Expressamos-lhe a nossa sincera simpatia e interesse no tema da sua carta. O seu caminho é muito simples. Só tem de criar os seus filhos para Deus e contar com Deus para os seus filhos. Só o Espírito de Deus pode fazer com que um menino compreenda as coisas divinas; não nos corresponde a nós fixar um limite quanto à idade precisa em que um menino é capaz de assimilar a verdade de Deus. Esta é obra do Espírito, e Ele pode fazer entender tanto aos bebés como aos sábios. Um menino é o modelo segundo o qual tem de ser formado todo aquele que tenha que entrar no reino de Deus.

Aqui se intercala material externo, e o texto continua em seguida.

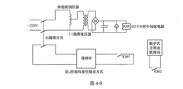 31.若用如图4—9接线进行中间继电器的动作电压、返回电压、动作时间及返回时间试验,是否可行?存在什么问题?应如何改进?
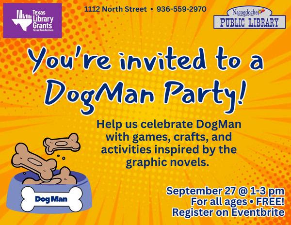 Fans of the juvenile graphic novel series, DogMan, will enjoy the Dogman Party on Sept. 27 . These, and many other books, were purchased with funds from the Texas Book Festival grant. The event is free and for all ages. Please register on eventbrite.com
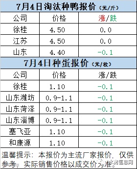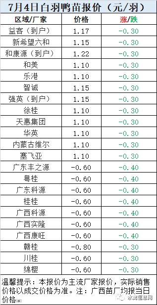 一、7月4日白羽鸭苗报价
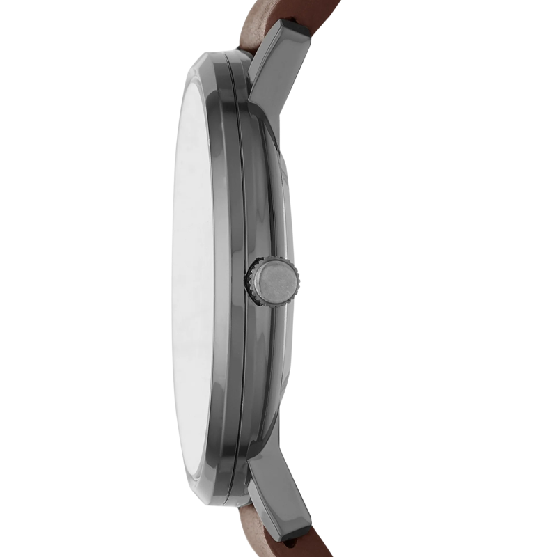The watch includes a stainless steel case paired with a brown PU leather strap. An adjustable buckle provides a comfortable fit, and the mineral glass helps protect the dial from normal wear. Suitable for casual and everyday activities.

Cremos que Mateus 18:10-14 constitui o fundamento da preciosa verdade da salvação dos infantes. Não o crê você? Não está plenamente persuadido de que todos quantos morrem na infância são salvos? Não crê que assim como os seus pequenos corpos sobrelevam a pena do pecado de Adão, as suas preciosas almas participam dos benefícios do sacrifício expiatório de Cristo? Pois bem, se você crê isto, por que teria de estar aflito o seu coração em relação ao destino do seu menino quando o Senhor retorne? Não pode confiar plenamente nesse Bendito que nos dias da Sua carne disse: “Deixai vir a mim os meninos, e não os impeçais, porque dos tais é o reino de Deus?” (Lc 18:16, ARC, Pt) Pode o seu coração abrigar, sequer por um instante, o indigno pensamento de que o seu misericordioso Senhor, quando voltar em busca do Seu povo, seria capaz de tomar a mãe para que esteja com Ele e deixar o seu bebé que pereceu? Você pergunta-nos se «podemos citar-lhe alguma passagem que mostre o que será dos pequenos filhos dos crentes quando o Senhor tenha arrebatado a Sua Igreja». Respondemos ao ponto: “Vede, não desprezeis algum destes pequeninos, porque eu vos digo que os seus anjos nos céus sempre vêem a face de meu Pai que está nos céus. Porque o Filho do homem veio salvar o que se tinha perdido. Que vos parece? Se algum homem tiver cem ovelhas, e uma delas se desgarrar, não irá pelos montes, deixando as noventa e nove, em busca da que se desgarrou? E, se porventura achá-la, em verdade vos digo que maior prazer tem por aquela do que pelas noventa e nove que se não desgarraram. Assim, também, não é vontade de vosso Pai, que está nos céus, que um destes pequeninos se perca.”(Mt 18:10-14 ACF)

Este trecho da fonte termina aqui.